John Hutchison Hester (11 September 1886 – 11 February 1976) was a major general in the United States Army who commanded the 43rd Infantry Division during World War II.

Early career

Hester was born on 11 September 1886 in Albany, Georgia. He attended University of Georgia, before entered the United States Military Academy at West Point, New York. Hester graduated in June 1908 and was commissioned second lieutenant of infantry. He was assigned to the Fort McPherson, Georgia, as his first assignment and served there until 1913.

Lieutenant Hester participated in the Pancho Villa Expedition in Mexico during 1916 and later was transferred to Washington, D.C., where he was assigned to the General Staff.

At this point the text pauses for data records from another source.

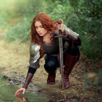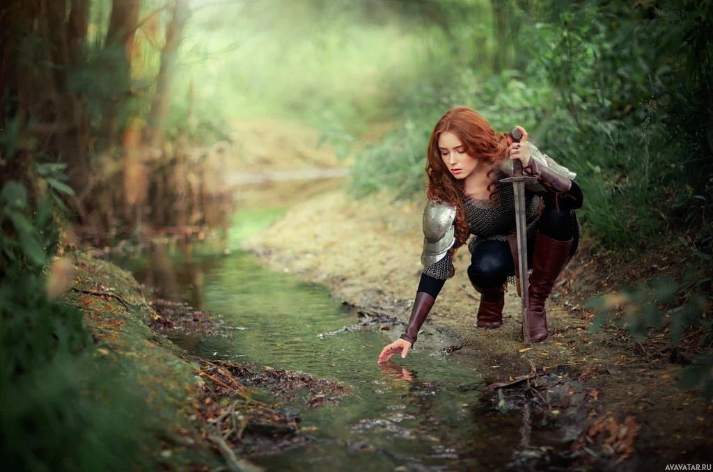 a small stream or creek, with her hand extended towards the water as if she is interacting with it, possibly dipping her hand into the water or touching something submerged. She is wearing what looks like a fantasy-inspired costume that could be interpreted as a knight's armor, including
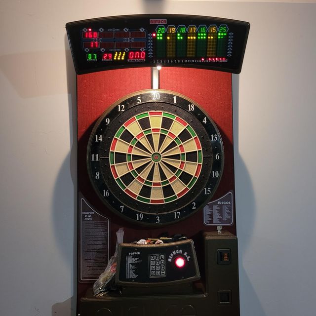 Se vende diana electrónica Bifuca con marcador digital con fallo eléctrico, no arranca. - Marcador digital con puntuación. - Diseño clásico de diana. - Incluye dardos.
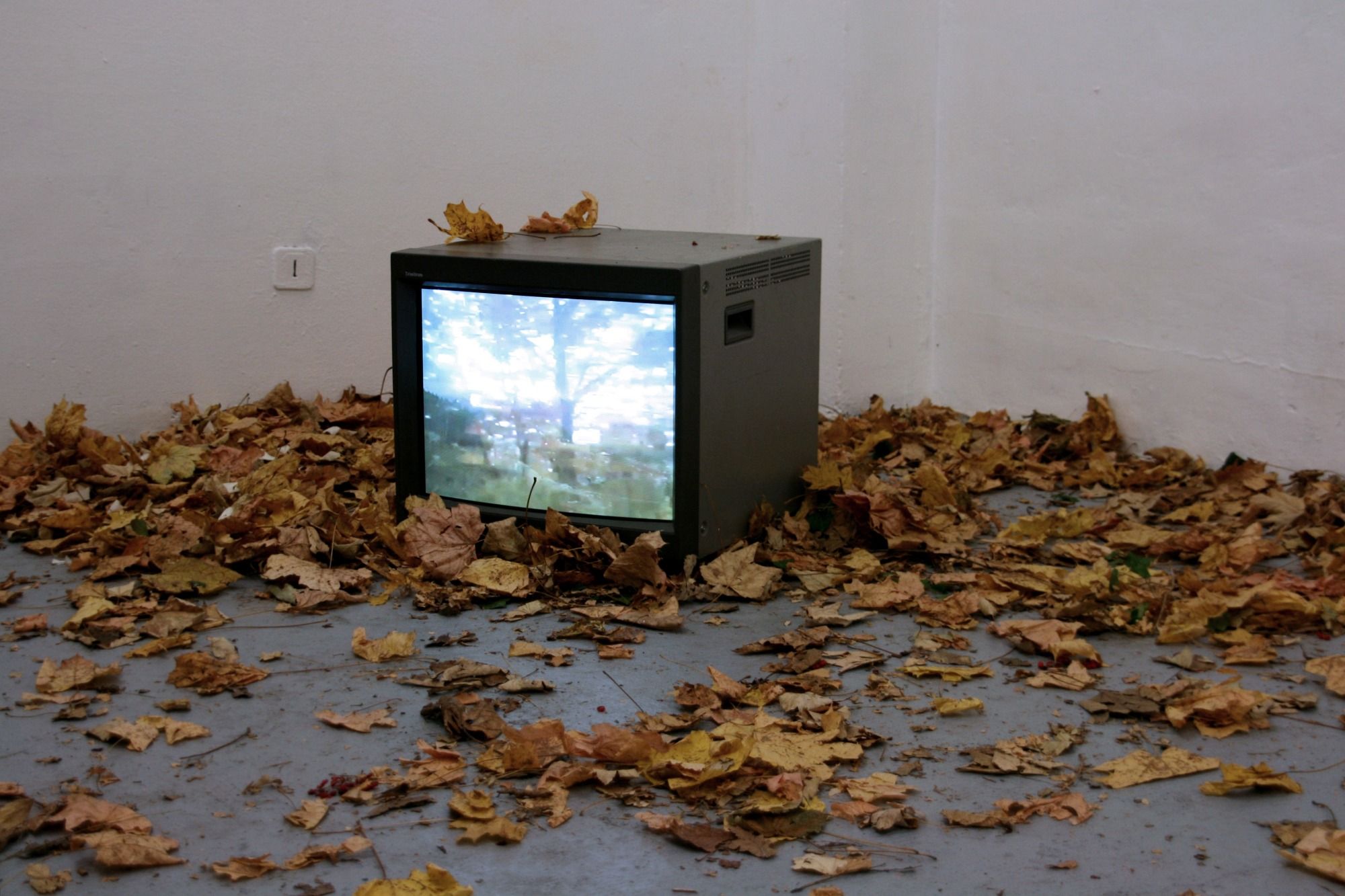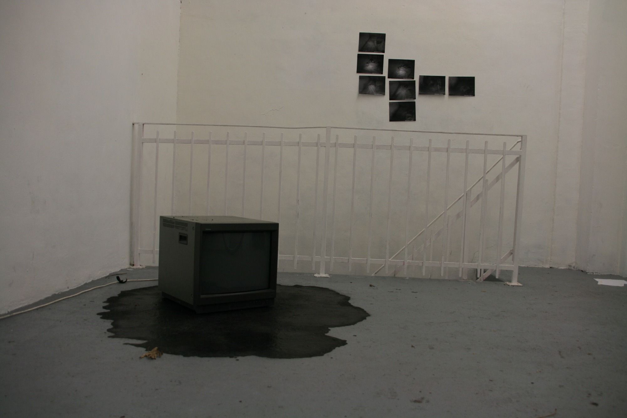 Téléviseurs d'un autre temps à l'obsolescence programmée. L'un est recouvert des feuilles d'automnes et diffuse une image mouvante et colorée. Le second semble avoir fondu sur le sol et repose dans une flaque noir dans laquelle une video filmé en négatif se reflète. Il symbolise les saisons de l'Automne et de l'hiver. Les photographies évoque le corps social, un questionnement identitaire, une énigme qui nous confronte aux regards des autres. Le corps se vit de l'intérieur, se danse, se tord, se ressent.
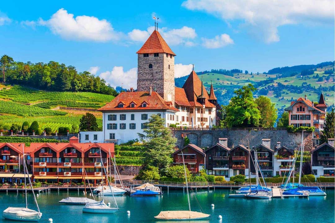 Poursuivez votre aventure à Spiez, une ville médiévale pittoresque avec un château offrant des vues panoramiques. Émerveillez-vous devant la beauté pittoresque de Thoune, où un majestueux château domine des lacs et montagnes à couper le souffle.
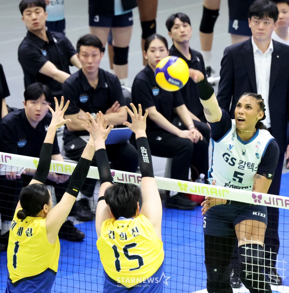 GS Silva ударит по Hyundai Double Blocking в плей-офф GS Keltex с 2025-2026 Jin Air V League, который состоялся в Сувонской гимназии 26-го числа. .2026.03.26.
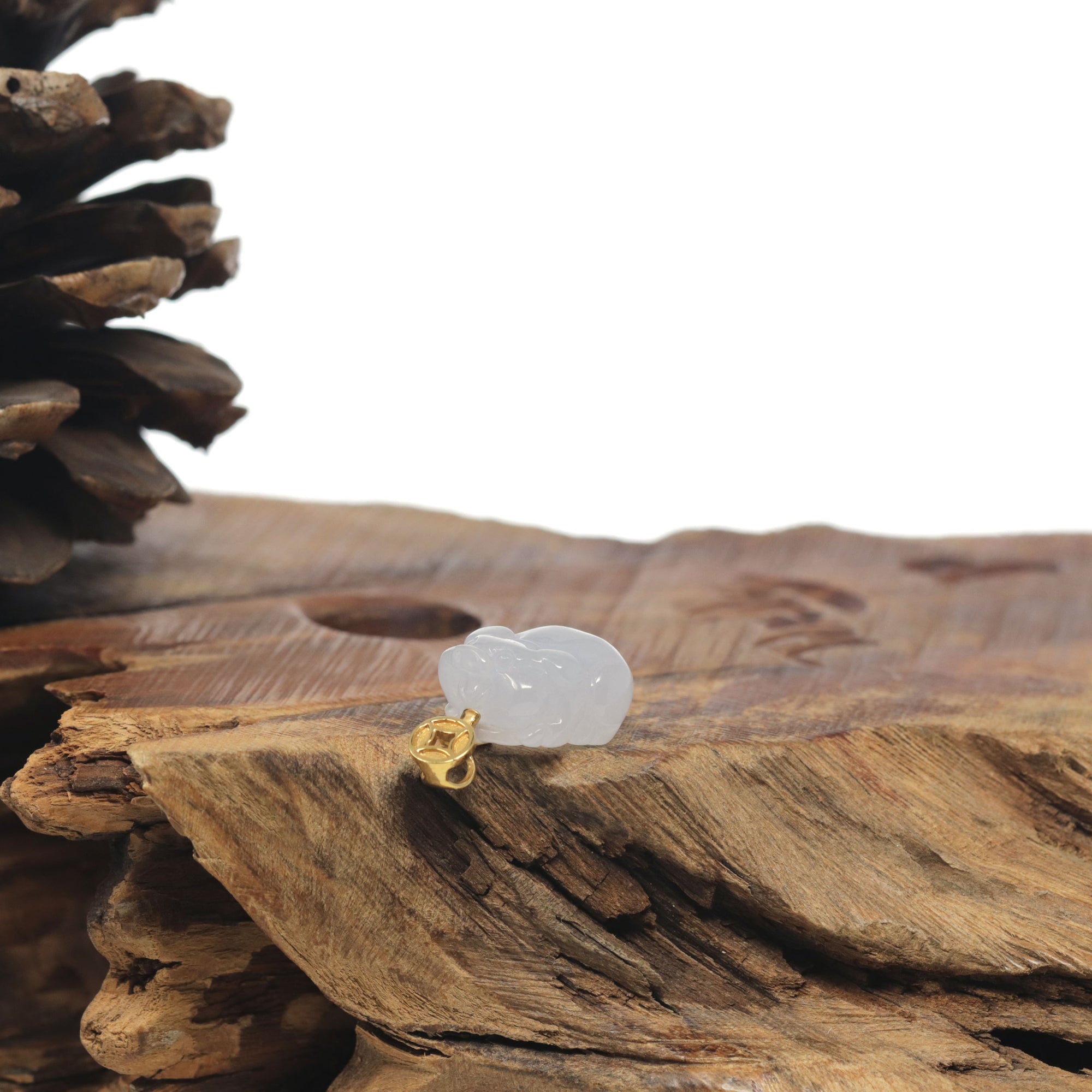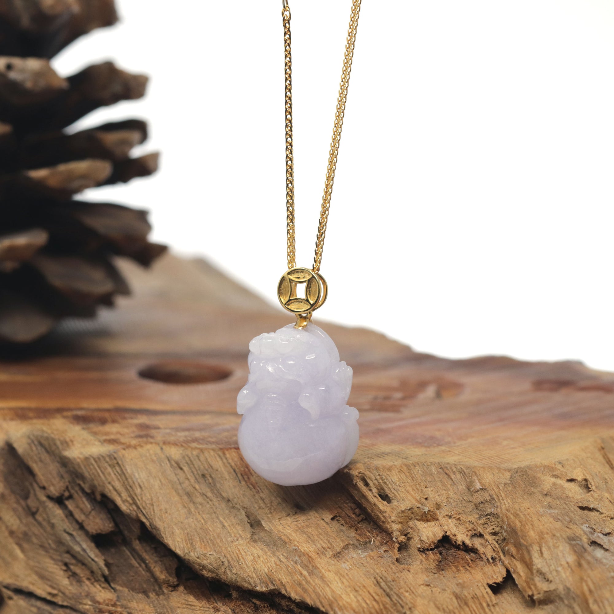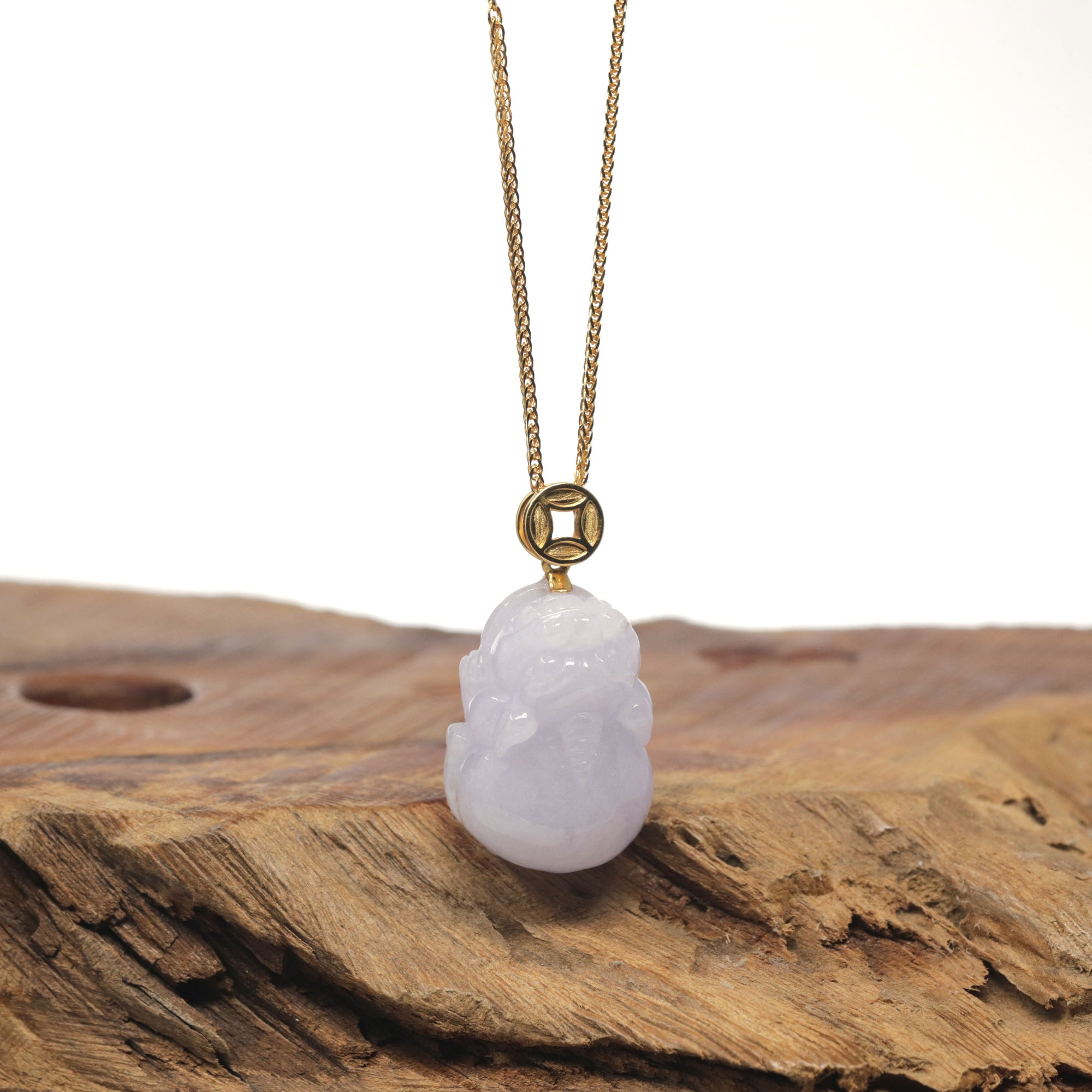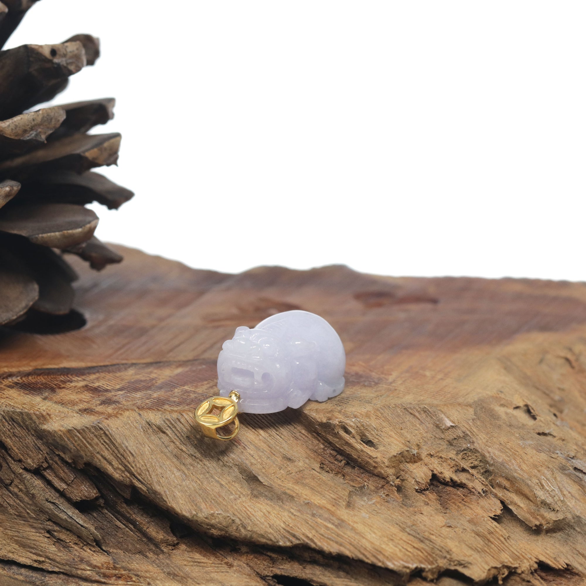 Baikalla Lavender "PiXiu" (Fortune Beast) Jadeite Jade Pendant W/ 18K Yellow Gold Bail

He served with the rank of lieutenant colonel as professor of military science & tactics at University of Minnesota until the end of September 1933, when he was appointed executive officer of the 65th Infantry Regiment in Puerto Rico. Hester spent the next two years there, before he was ordered back to the United States and assigned to the Operations and Plan Section at War Department General Staff. During his service there, he was promoted to the rank of colonel on 1 March 1937.

His next assignment was commanding officer of the 1st Infantry Regiment in August 1939. Hester simultaneously served as commanding officer of the Camp Jackson, South Carolina. He was subsequently transferred to the War Department, where he was appointed executive officer of the Reserves & Reserve Officers' Training Corps Affairs. During his service in this capacity, Hester was promoted to the rank of brigadier general on 1 November 1940.

World War II

At the end of March 1941, Brigadier General Hester was transferred to Camp Wheeler, Georgia, where he took command of the Infantry Replacement Training Center. In October 1941, Hester took command of the 43rd Infantry Division, where he relieved National Guard Major General Morris B. Payne. He was promoted to the rank of major general in February 1942.

The 43rd Division went overseas in October 1942 and participated in the landings at Russell and Rendova Islands. Hester commanded the 43rd Division during the attack on Munda Airport held by Japanese forces at the end of July 1943. However, he was relieved of command by Major General John R. Hodge on 29 July 1943. Official reason of his dismissal was "exhaustion of combat". Hester was subsequently sent back to the United States and granted two months leave for recovery. He was also decorated with Legion of Merit for the success in the initial stages of New Georgia Campaign.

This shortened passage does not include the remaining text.